The link shows how the toml crate exposes a way to interact with TOML's notion of a datetime. This is a clever example of mapping into Serde's data model. Essentially the data format's Serializer and Deserializer gets to define the bidirectional mapping between TOML datetimes and Serde's data model, then take advantage of this mapping in their toml::Value and toml::Datetime implementations of Serialize and Deserialize.

https://github.com/serde-rs/serde/issues/1041#issuecomment-327203961

I'd like to mention https://github.com/Marwes/serde_state for the case of serializing DAGs . It makes it possible to skip out on writing most of the boiler plate otherwise required to do this sort of serializing by allowing the state be implicitly passed through the serialization or deserialization process.

Of course it can also be useful for any other cases where state is required for proper serialization but serializing DAGs is what I use it for in any case.

@Marwes - would this let me pass a 'state' along with a serializer when serializing something? Currently I'm generating a JSON graph, and I need some state that is out-of-bound to serialize URLs (ie some data that does not live in the object graph being serialized).

If so that would be cool.

For the benefit of anyone else reading this, I currently solve this in one of three very clunky ways:-

  • Implement Serialize for the parent of the object graph being serialized and re-implement of most of Serde (yuck)
  • Pass the state in static thread local fields (yuck)
  • Use Rust's unstable specialization, by creating a trait that provides the state, implementing it generically for all Serializers and then providing a specialization the serializer I'll actually use (yuck)

@raphaelcohn Yep, that should work, you just need to create and pass the state at the top level and it should work (see https://docs.rs/serde_state/0.4.0/serde_state/ docs for 0.4.1 seems to be broken)

@Marwes - ta!

Not sure if this is the right place to ask, but are there resources on how to do efficient multi-pass deserialization? In ruma-events, we recently started adding Deserialize implementations for a Result-like type (with fixed Err type), where deserialization succeeds returning the Ok variant if deserialization into the Oks type worked, but still succeeds if that failed but deserialization into serde_json::Value is possible.

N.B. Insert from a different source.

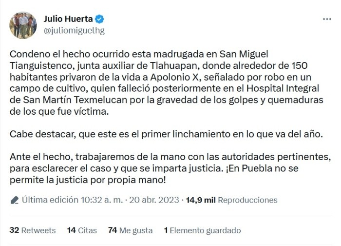 Un hombre que ingresó a un campo de cultivo a robar unos brócolis porque tenía hambre fue linchado por una turba iracunda de más de 150 personas en hechos ocurridos en el Estado de Puebla. Autoridades condenaron el homicidio comunitario y prometieron tomar acciones al respecto.La víctima, identificada como Apolonio “N”, murió tras haber ser linchado por habitantes de la comunidad de San Miguel Tianguistenco en Tlahuapan. Los pobladores lo acusaron de haberse robado un par de brócolis tras ingresar a una huerta.La Fiscalía de Puebla detalló que, aunque Apolonio fue llevado con vida a un hospital, el equipo médico no logró salvar su vida debido a los múltiples golpes y quemaduras que Apolonio recibió.La Fiscalía estatal detalló en un comunicado que la víctima de linchamiento era una persona humilde, y por la necesidad se introdujo a los campos de cultivos para tomar un par de brócolis.De acuerdo con la información preliminar, los pobladores privaron de la libertad al joven, después lo golpearon y finalmente le rociaron gasolina y le prendieron fuego. Elementos de la Policía Estatal intervinieron y trasladaron a Apolonio al hospital de San Martín Texmelucan, donde murió.El fiscal estatal, Gilberto Higuera Bernal, aseguró que esto es algo que no se puede dejar pasar, y “estamos trabajando en esto y vamos a proceder contra quienes cometieron este salvaje hecho”.De acuerdo con un estudio de la Universidad Iberoamericana, en Puebla se han cometido 78 linchamientos entre 2015 y 2019.JM
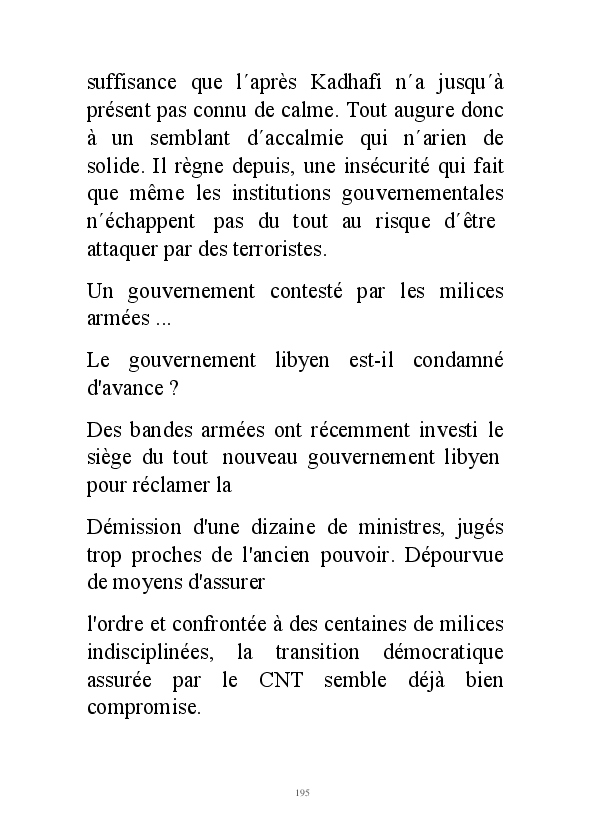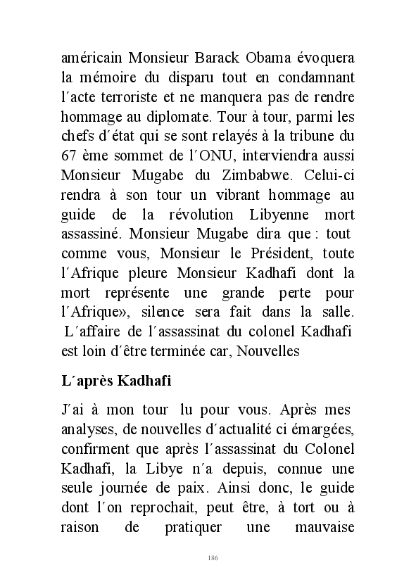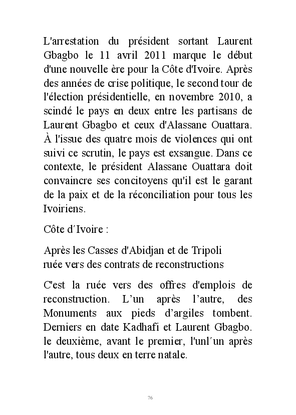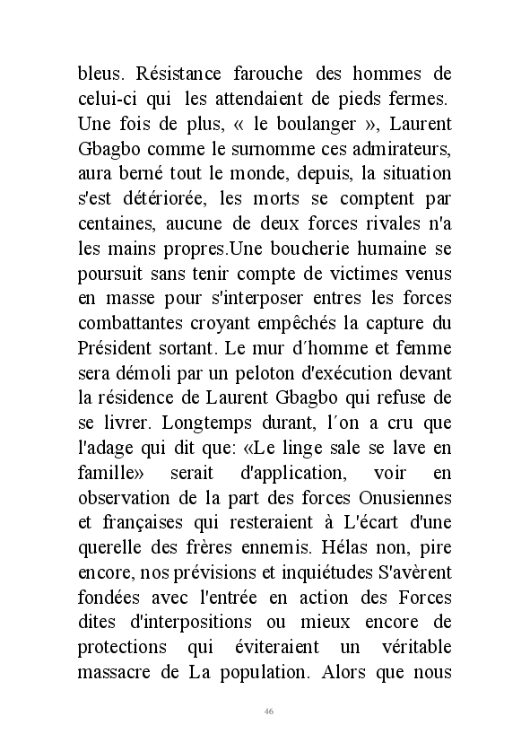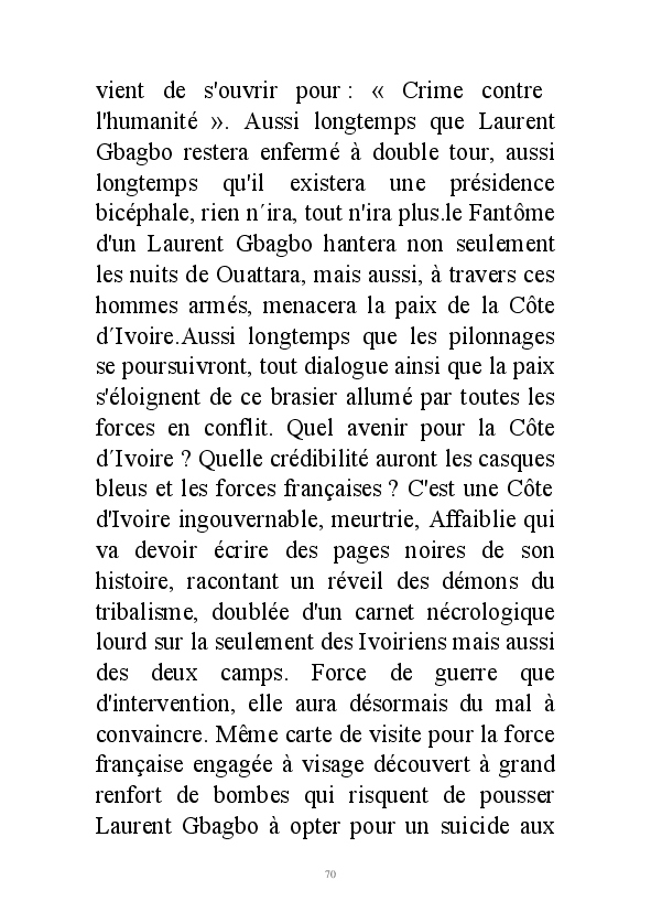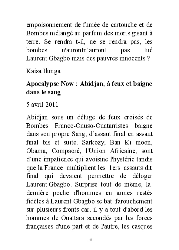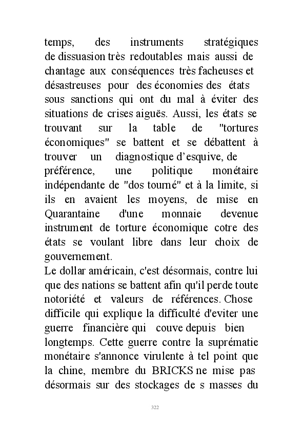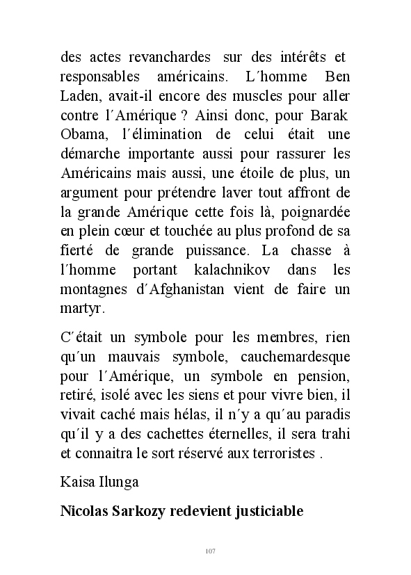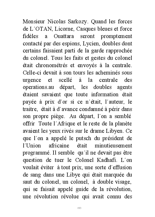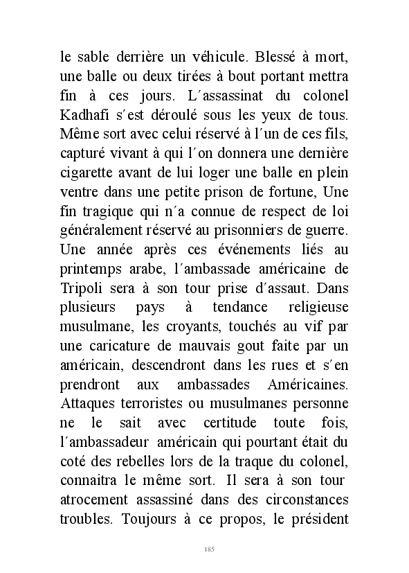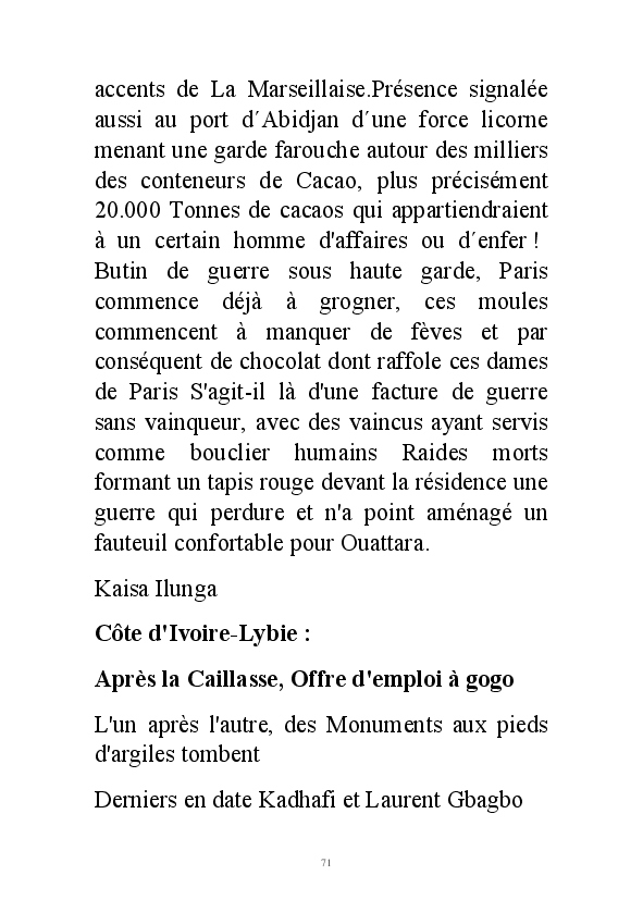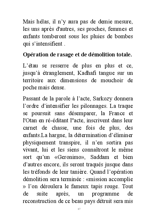 Des foyers de tensions se sont allumés ici et là depuis 2003 avec les guerres de Bush, contre Saddam, de Sarko-phage en Côte d'ivoire, Libye contre Kadhafi provoquant des flux migratoires, Organisations de paix, fabricants d'armes plongent dans l'arène des fauves, des armes pleuvent dans le ciel, résurgence du terrorisme Self-made; incendiaires d'hier, aujourd'hui anges de la paix, le tout, dans une dramaturgie démentielle, diabolique.Conséquence du carton de vote dans l'urne pour un bandit d'état, un va-t-en-guerre!

Our current implementation allocates more than we would like in the 'happy path' (deserialization succeeds with the Ok variant) - that is because we haven't found a better way than deserializing into serde_json::Value first and using serde_json::from_value to try to then deserialize the Oks inner type. If we try deserializing the inner type first, there is no way of then trying again with serde_json::Value, because the deserializer has been consumed. AFAICT, the only improvement that can be made is not allocating as much in the first deserialization pass.

To that end, I've looked at two possible solutions:

  • Using serde_json::RawValue: Looked good at first, however it doesn't provide an equivalent of from_value, only a method that returns a json string slice. Re-parsing that feels like a pretty ugly solution (information the first deserialization pass collects about the input structure not reused).
  • Use the serde-value crate: Unfortunately, it currently only provides a Value type that copies everything from the deserializer (see also https://github.com/arcnmx/serde-value/issues/15). Might still be faster than serde_json::Value deserialization, but I really don't know.

Have I missed something? Is this a use case that hasn't come up yet? Or is it just something that some people are interested in, but nobody cares enough to put in the required work? We really don't need the extra performance at the moment and haven't done any benchmarks on the existing solutions, I am mainly asking this out of curiosity.